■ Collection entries
# # # # # # #
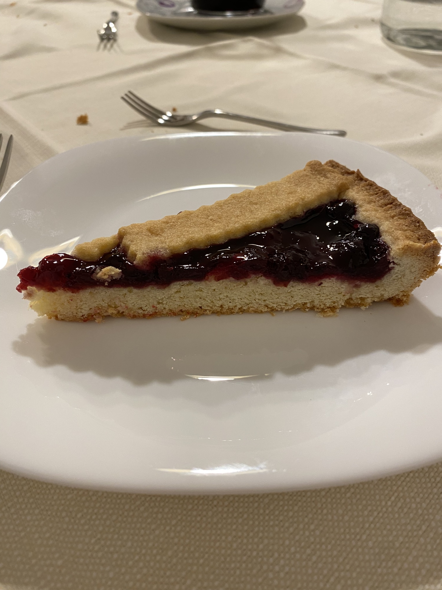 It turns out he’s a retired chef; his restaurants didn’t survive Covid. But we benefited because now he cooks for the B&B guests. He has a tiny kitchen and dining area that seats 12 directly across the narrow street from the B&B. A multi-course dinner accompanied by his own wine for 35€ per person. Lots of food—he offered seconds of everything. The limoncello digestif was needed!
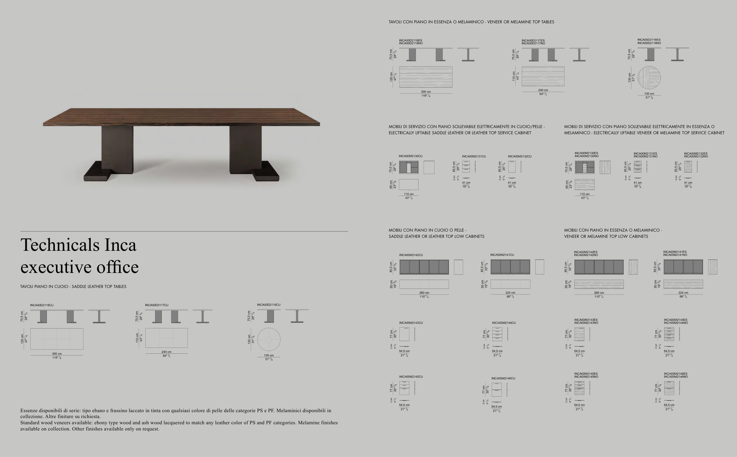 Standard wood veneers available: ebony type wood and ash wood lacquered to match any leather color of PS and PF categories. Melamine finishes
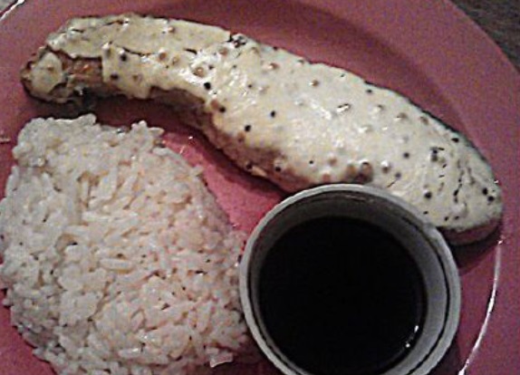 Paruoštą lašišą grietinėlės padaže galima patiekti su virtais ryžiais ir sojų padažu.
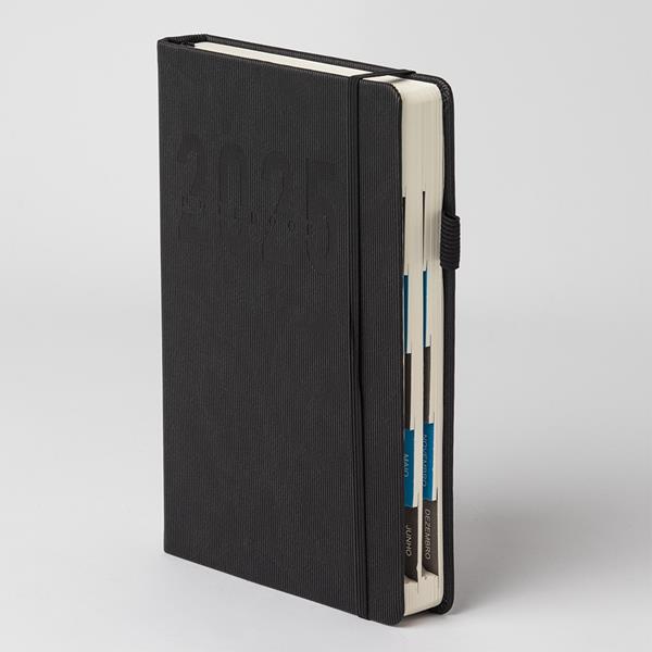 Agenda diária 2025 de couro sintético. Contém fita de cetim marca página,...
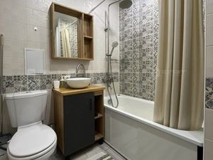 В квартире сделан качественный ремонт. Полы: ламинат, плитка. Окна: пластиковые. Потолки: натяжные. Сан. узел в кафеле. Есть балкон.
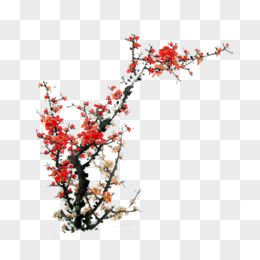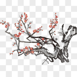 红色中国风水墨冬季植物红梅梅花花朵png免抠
# # # # # # #
Your copy should match the records above exactly, except that it contains no pictures.

 It turns out he’s a retired chef; his restaurants didn’t survive Covid. But we benefited because now he cooks for the B&B guests. He has a tiny kitchen and dining area that seats 12 directly across the narrow street from the B&B. A multi-course dinner accompanied by his own wine for 35€ per person. Lots of food—he offered seconds of everything. The limoncello digestif was needed!
 Standard wood veneers available: ebony type wood and ash wood lacquered to match any leather color of PS and PF categories. Melamine finishes
 Paruoštą lašišą grietinėlės padaže galima patiekti su virtais ryžiais ir sojų padažu.
 Agenda diária 2025 de couro sintético. Contém fita de cetim marca página,...
 В квартире сделан качественный ремонт. Полы: ламинат, плитка. Окна: пластиковые. Потолки: натяжные. Сан. узел в кафеле. Есть балкон.
 红色中国风水墨冬季植物红梅梅花花朵png免抠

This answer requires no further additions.